**Exercise data:**

Start of Block

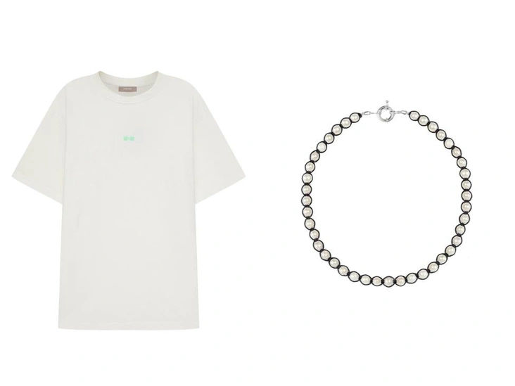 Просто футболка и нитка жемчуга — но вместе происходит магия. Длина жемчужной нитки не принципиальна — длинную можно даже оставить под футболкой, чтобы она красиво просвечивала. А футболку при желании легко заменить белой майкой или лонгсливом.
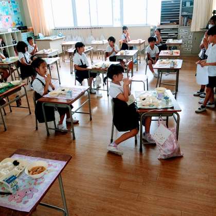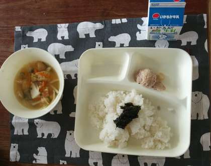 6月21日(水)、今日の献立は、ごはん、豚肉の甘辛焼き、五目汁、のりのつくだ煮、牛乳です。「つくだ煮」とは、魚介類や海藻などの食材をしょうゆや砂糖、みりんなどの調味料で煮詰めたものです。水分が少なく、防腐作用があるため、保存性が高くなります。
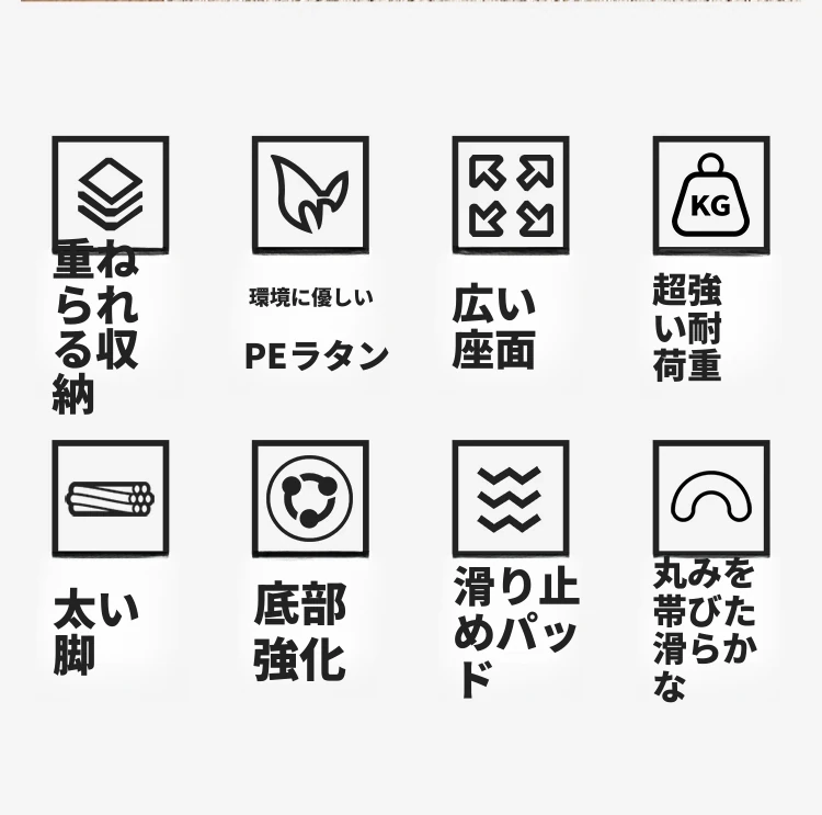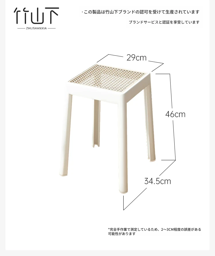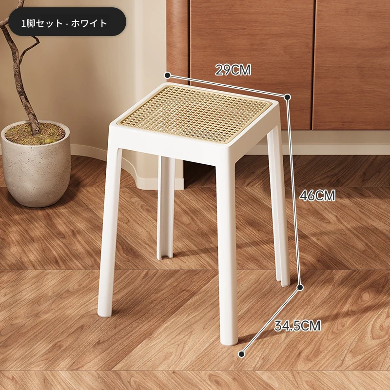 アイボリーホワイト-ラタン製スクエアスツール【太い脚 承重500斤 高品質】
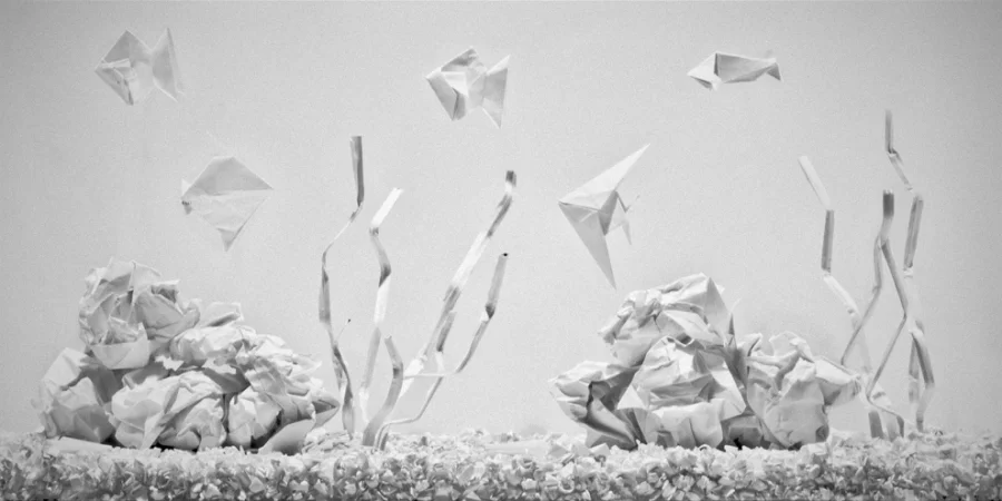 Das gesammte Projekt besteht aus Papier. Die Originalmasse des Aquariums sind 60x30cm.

End of Block

**Assignment:** Setting the pictures aside, return exactly the lines from the line with "6月21日(水)、今日の献立" through the last line of the listing above.

**The completed task:**
 6月21日(水)、今日の献立は、ごはん、豚肉の甘辛焼き、五目汁、のりのつくだ煮、牛乳です。「つくだ煮」とは、魚介類や海藻などの食材をしょうゆや砂糖、みりんなどの調味料で煮詰めたものです。水分が少なく、防腐作用があるため、保存性が高くなります。
 アイボリーホワイト-ラタン製スクエアスツール【太い脚 承重500斤 高品質】
 Das gesammte Projekt besteht aus Papier. Die Originalmasse des Aquariums sind 60x30cm.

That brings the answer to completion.